In the wake of former President Donald Trump’s felony conviction, members of the Nye County Republican Party are standing by the 45th president, according to party chairman Leo Blundo.

The Nye County Republican Party will “move heaven and earth to deliver Nye County and the rest of Nevada for the triumphant return of Donald J. Trump and America First candidates who will support his plan to save America,” Blundo said in a statement after a New York jury found Trump guilty last week of 34 counts of falsifying business records to cover up a payment to silence a porn star ahead of his 2016 election.

Blundo called the decision a “sad day in America.”

“If you look at the entirety of the situation, I think it’s wrong,” Blundo told the Pahrump Valley Times. “I don’t like how the justice system is being used to persecute people, political folks. I saw a case where a Democrat got persecuted and I thought that was wrong, so the political persecution goes both ways. It’s a sad day in America when political purposes are the driving force for why people are being persecuted in the justice system. It perverts the justice system, and no matter what your political affiliation is, it’s wrong. Whether it’s your gender, your race, or your nationality, it doesn’t matter.

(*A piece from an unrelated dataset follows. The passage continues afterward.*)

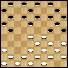 Dans la position du diagramme, c'est aux noirs de chercher la remise. Il faut laisser le plus longtemps possible le pion 21 staionné et jouer plutôt 43-39 (idée de remonter ensuite 48-43) ou, à la rigueur 40-35 (qui facilite un peula vie aux noirs). Les noirs auront bcp de mal à jour compte tenu de la mauvaise position des pions 6 et 7. Certes, il y a de surprenantes ressources tactiques

When we use these ambitions, and we use these tools in that manner. I think it’s wrong.”

Laws matter

Others had a different opinion.

Bill Dolan, a longtime law enforcement officer and veteran from Pahrump, suggested that no one should be entitled to special treatment once arrested, charged and convicted.

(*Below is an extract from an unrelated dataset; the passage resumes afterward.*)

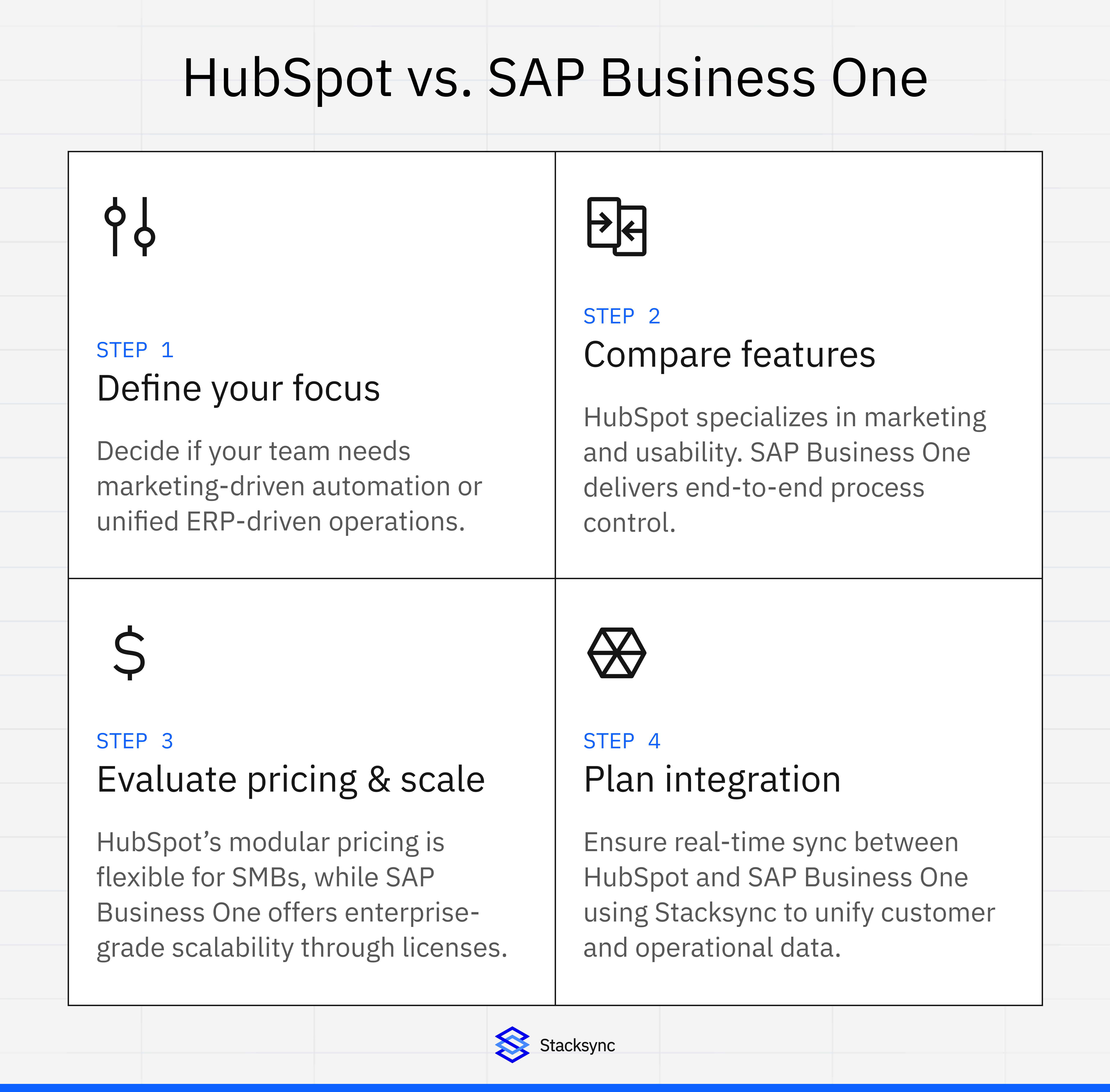 HubSpot vs SAP Business One CRM in 2025: explore differences in scalability, pricing, and automation. HubSpot leads in ease of use and marketing automation, while SAP Business One excels in ERP-driven workflows and data centralization. Learn which fits your company size and industry needs and how to maintain perfect sync between both.

“As a prior law enforcement officer, nobody is above the law,” he said. “The rule of law needs to stand. If it was any one of us, we should receive no different treatment than anyone else, but it’s when you have people like Rep. Tim Scott, Rep. JD Vance, and others running around saying that they are not going to move any legislation whatsoever because it didn’t go their way — that is wrong.

They did the same thing for the 2020 election when Trump lost, he said, but they kept denying it.

“Trump lost in court by a jury of his peers and so all of a sudden, it’s everybody’s fault except his. That would not stand for you and I,” Dolan said. “When you say you’re going to tie down all legislation in Washington, you’re hurting everybody.”

Dolan says that the situation affects the many bills that the Disabled American Veterans organization have pending in the House and the Senate.

“I host a couple of high offices with Disabled American Veterans out of national that disturbs me,” he said. “They’re essentially saying that even veterans’ issues don’t matter to them. It’s disturbing that they would do this because they can’t accept a decision that they lost.”

How it all began

Trump’s May 30, conviction in New York stemmed from a $130,000 hush money payment his then attorney and so-called “fixer” Michael Cohen made to adult film star Stormy Daniels in the days before the 2016 election.

Prosecutors said the deal was meant to keep voters in the dark about Daniels’ allegation that she had sex with Trump years earlier, which the former president has categorically denied.

Making history

Trump, whose sentencing hearing is scheduled to take place on July 11, is the first American president ever to be convicted of a felony.